Activity
Once "อีกทั้ง ยังพร้อมเข้าให้การช่วยเหลือลูกหนี้ โดยเฉพาะกลุ่มเปราะบาง" turns up in a line below, reproduce that line and those after it exactly, stopping after the line with "Η σύζυγος του"; leave pictures out.

Dataset items

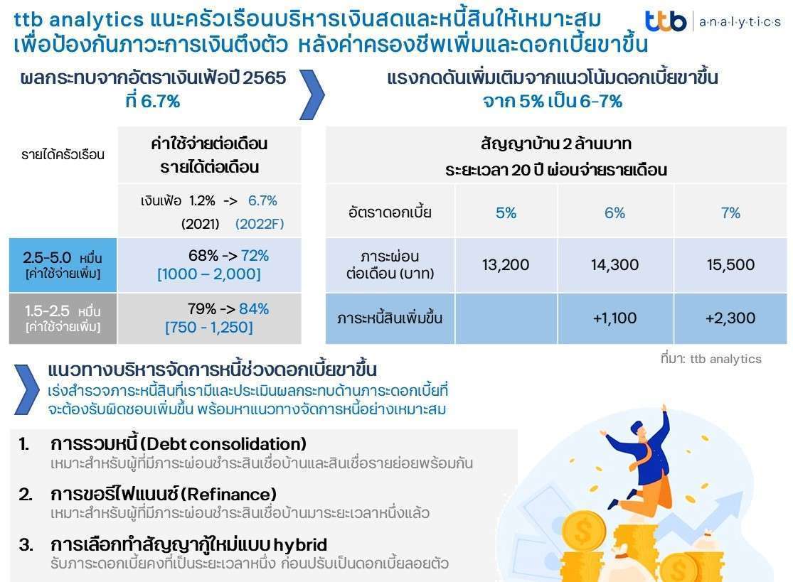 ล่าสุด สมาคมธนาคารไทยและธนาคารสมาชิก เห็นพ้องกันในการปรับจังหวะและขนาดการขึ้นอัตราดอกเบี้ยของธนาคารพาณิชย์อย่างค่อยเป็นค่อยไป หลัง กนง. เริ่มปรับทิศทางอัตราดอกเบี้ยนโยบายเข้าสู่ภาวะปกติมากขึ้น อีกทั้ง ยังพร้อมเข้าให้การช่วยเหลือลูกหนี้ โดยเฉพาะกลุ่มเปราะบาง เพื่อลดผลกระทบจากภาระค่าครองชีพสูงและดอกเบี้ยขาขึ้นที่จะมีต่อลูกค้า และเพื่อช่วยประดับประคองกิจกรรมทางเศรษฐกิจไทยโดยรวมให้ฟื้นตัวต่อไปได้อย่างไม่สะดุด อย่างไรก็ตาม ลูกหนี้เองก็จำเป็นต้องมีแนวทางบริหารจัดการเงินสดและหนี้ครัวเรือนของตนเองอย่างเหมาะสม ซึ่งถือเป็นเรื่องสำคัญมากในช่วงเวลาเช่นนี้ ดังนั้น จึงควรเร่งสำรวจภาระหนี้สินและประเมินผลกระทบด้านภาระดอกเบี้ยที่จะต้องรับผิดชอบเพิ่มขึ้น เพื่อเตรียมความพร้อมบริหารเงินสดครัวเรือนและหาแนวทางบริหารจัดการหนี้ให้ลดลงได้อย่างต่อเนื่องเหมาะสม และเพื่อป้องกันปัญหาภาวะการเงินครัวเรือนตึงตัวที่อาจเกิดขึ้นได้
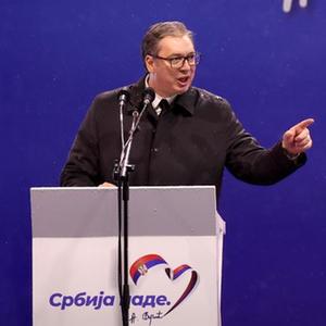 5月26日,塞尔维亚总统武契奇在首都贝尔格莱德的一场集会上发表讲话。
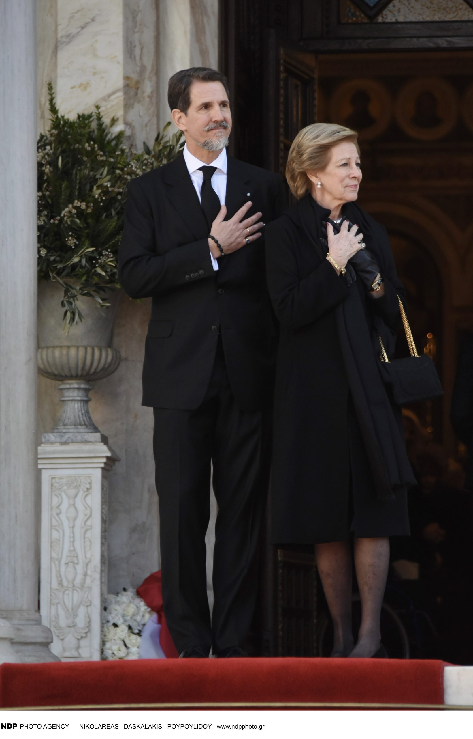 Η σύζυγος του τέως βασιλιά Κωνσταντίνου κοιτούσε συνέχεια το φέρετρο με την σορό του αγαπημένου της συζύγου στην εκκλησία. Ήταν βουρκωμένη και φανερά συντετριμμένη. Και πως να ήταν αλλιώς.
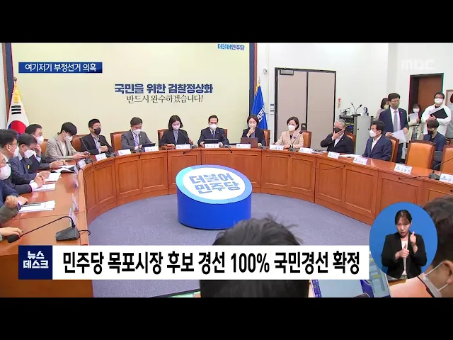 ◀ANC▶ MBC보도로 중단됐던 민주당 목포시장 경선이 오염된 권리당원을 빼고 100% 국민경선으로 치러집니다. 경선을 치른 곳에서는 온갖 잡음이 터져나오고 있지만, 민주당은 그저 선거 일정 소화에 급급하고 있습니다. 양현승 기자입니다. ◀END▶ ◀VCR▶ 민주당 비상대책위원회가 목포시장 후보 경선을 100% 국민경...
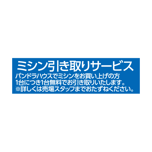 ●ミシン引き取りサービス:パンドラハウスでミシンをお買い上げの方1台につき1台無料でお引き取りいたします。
---
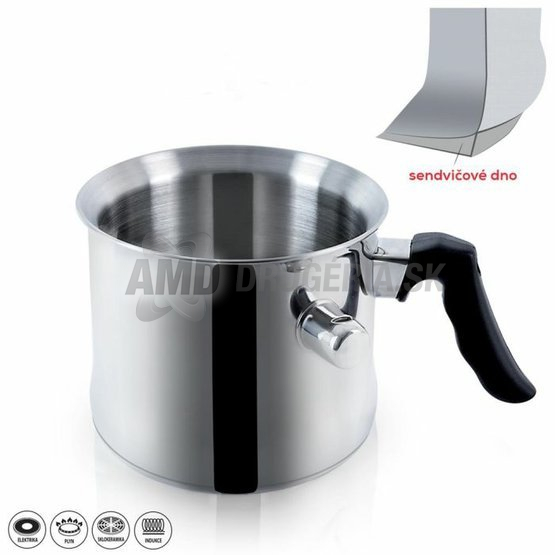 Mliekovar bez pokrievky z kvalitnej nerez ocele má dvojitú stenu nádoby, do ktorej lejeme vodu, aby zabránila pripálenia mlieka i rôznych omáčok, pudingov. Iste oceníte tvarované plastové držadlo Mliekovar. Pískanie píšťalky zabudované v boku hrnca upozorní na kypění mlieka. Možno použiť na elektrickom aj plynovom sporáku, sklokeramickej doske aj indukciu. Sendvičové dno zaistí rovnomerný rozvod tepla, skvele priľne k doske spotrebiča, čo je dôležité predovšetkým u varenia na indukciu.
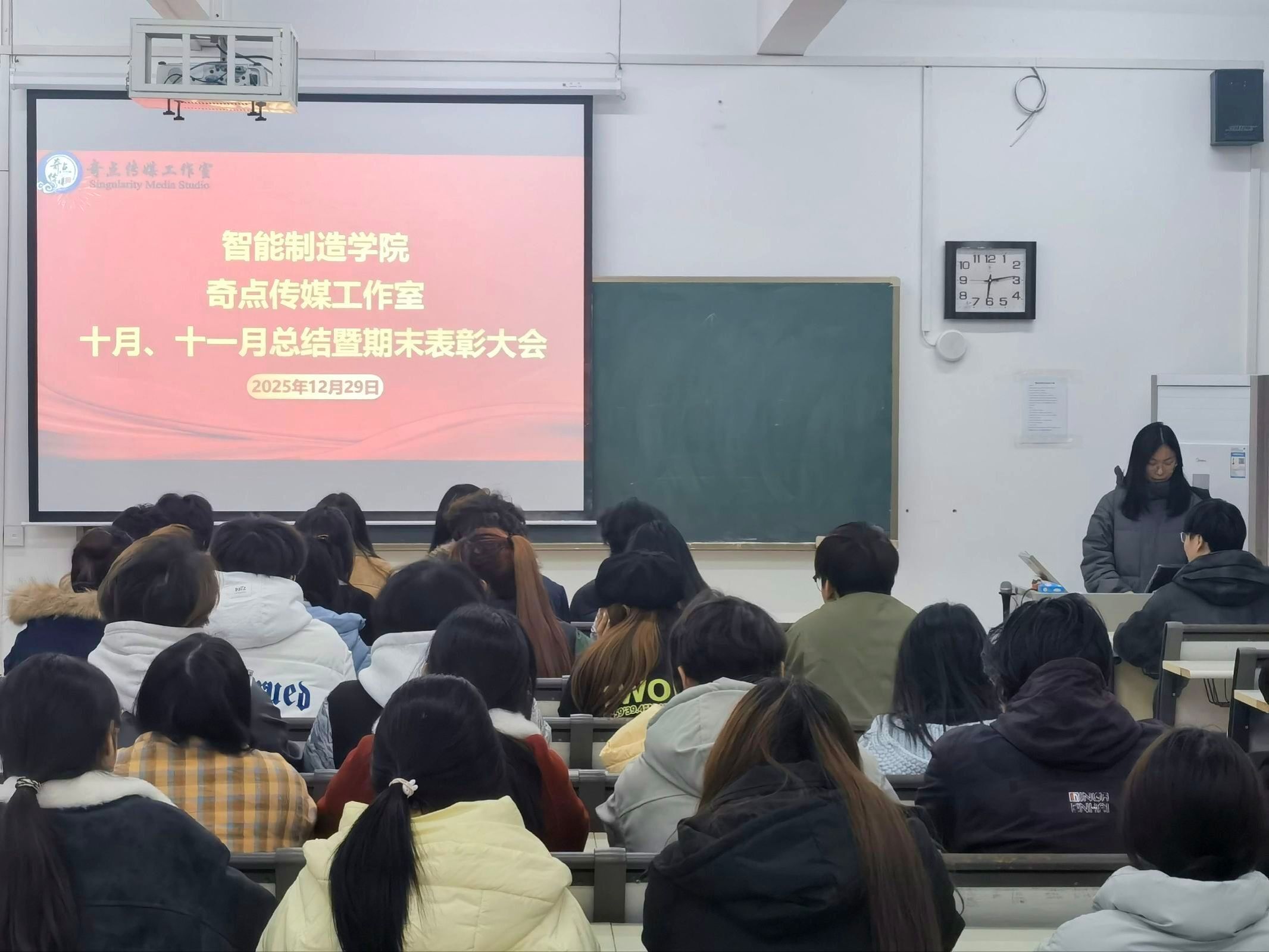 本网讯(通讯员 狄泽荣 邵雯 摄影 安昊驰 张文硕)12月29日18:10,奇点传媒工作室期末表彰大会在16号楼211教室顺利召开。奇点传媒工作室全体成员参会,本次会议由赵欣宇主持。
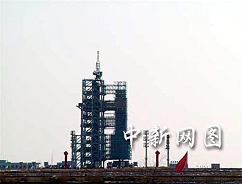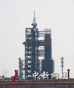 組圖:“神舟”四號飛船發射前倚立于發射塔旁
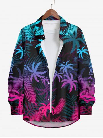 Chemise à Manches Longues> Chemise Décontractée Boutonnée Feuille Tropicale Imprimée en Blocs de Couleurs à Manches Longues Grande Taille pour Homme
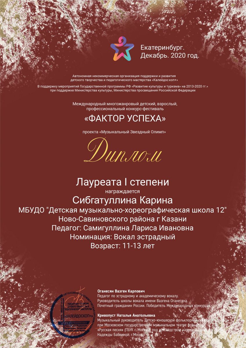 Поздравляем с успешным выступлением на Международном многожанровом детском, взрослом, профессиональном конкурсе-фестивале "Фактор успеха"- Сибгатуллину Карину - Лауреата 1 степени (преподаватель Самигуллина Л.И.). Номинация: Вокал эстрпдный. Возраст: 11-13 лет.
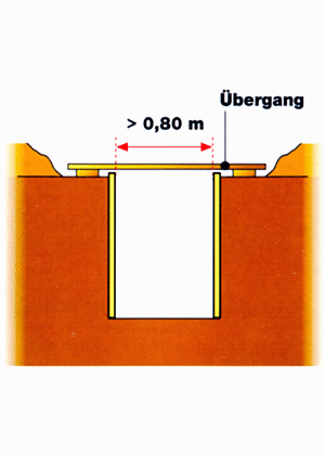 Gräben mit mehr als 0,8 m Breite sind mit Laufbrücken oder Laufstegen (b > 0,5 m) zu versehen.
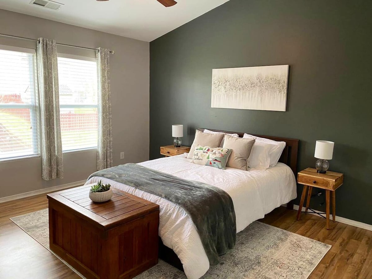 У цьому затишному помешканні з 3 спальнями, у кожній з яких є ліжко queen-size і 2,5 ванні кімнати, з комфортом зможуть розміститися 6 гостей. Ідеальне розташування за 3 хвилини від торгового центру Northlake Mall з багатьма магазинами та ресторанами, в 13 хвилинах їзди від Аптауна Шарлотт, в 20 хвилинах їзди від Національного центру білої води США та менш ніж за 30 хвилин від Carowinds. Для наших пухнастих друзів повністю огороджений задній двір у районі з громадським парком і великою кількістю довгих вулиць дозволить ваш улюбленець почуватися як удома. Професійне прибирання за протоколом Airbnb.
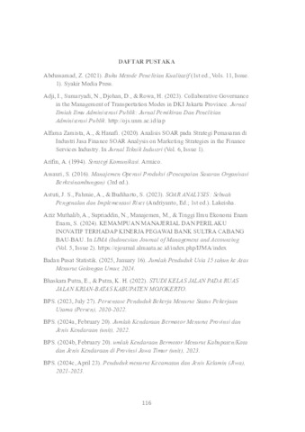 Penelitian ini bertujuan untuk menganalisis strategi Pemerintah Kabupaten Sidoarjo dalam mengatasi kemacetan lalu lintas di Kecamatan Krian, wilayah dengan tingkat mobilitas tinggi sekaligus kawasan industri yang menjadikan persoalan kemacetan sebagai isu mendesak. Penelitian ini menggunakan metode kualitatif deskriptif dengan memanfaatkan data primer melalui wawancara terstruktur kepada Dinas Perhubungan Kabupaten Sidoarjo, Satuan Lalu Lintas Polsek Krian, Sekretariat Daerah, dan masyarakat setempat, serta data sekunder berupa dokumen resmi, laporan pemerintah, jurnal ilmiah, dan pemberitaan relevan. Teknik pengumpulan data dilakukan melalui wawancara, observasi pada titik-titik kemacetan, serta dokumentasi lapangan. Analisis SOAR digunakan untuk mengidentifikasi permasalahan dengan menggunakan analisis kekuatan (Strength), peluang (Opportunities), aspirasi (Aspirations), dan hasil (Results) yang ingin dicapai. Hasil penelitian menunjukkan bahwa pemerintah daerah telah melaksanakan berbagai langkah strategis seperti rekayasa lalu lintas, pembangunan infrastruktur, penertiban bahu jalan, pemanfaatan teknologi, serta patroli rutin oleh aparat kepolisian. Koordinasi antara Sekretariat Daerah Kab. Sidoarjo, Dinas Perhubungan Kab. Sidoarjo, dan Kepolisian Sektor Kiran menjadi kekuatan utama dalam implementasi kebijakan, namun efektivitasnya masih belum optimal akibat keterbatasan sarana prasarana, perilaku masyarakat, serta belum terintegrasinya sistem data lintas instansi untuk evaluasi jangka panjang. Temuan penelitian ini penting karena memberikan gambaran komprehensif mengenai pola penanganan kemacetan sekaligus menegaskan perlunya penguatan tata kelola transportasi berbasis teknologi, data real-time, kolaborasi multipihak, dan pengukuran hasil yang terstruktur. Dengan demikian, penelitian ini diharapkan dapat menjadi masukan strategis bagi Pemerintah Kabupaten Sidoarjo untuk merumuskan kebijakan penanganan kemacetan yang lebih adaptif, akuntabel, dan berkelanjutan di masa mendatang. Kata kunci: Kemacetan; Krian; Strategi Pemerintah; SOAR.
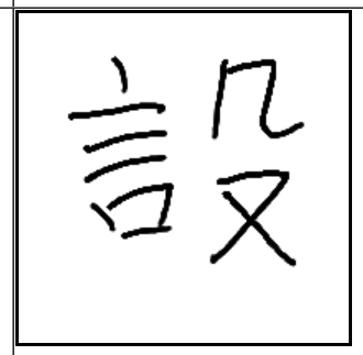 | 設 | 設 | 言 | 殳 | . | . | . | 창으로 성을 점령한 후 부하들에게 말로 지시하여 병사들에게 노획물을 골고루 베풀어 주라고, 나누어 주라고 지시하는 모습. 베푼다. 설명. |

Answer for this exercise
 ล่าสุด สมาคมธนาคารไทยและธนาคารสมาชิก เห็นพ้องกันในการปรับจังหวะและขนาดการขึ้นอัตราดอกเบี้ยของธนาคารพาณิชย์อย่างค่อยเป็นค่อยไป หลัง กนง. เริ่มปรับทิศทางอัตราดอกเบี้ยนโยบายเข้าสู่ภาวะปกติมากขึ้น อีกทั้ง ยังพร้อมเข้าให้การช่วยเหลือลูกหนี้ โดยเฉพาะกลุ่มเปราะบาง เพื่อลดผลกระทบจากภาระค่าครองชีพสูงและดอกเบี้ยขาขึ้นที่จะมีต่อลูกค้า และเพื่อช่วยประดับประคองกิจกรรมทางเศรษฐกิจไทยโดยรวมให้ฟื้นตัวต่อไปได้อย่างไม่สะดุด อย่างไรก็ตาม ลูกหนี้เองก็จำเป็นต้องมีแนวทางบริหารจัดการเงินสดและหนี้ครัวเรือนของตนเองอย่างเหมาะสม ซึ่งถือเป็นเรื่องสำคัญมากในช่วงเวลาเช่นนี้ ดังนั้น จึงควรเร่งสำรวจภาระหนี้สินและประเมินผลกระทบด้านภาระดอกเบี้ยที่จะต้องรับผิดชอบเพิ่มขึ้น เพื่อเตรียมความพร้อมบริหารเงินสดครัวเรือนและหาแนวทางบริหารจัดการหนี้ให้ลดลงได้อย่างต่อเนื่องเหมาะสม และเพื่อป้องกันปัญหาภาวะการเงินครัวเรือนตึงตัวที่อาจเกิดขึ้นได้
 5月26日,塞尔维亚总统武契奇在首都贝尔格莱德的一场集会上发表讲话。
 Η σύζυγος του τέως βασιλιά Κωνσταντίνου κοιτούσε συνέχεια το φέρετρο με την σορό του αγαπημένου της συζύγου στην εκκλησία. Ήταν βουρκωμένη και φανερά συντετριμμένη. Και πως να ήταν αλλιώς.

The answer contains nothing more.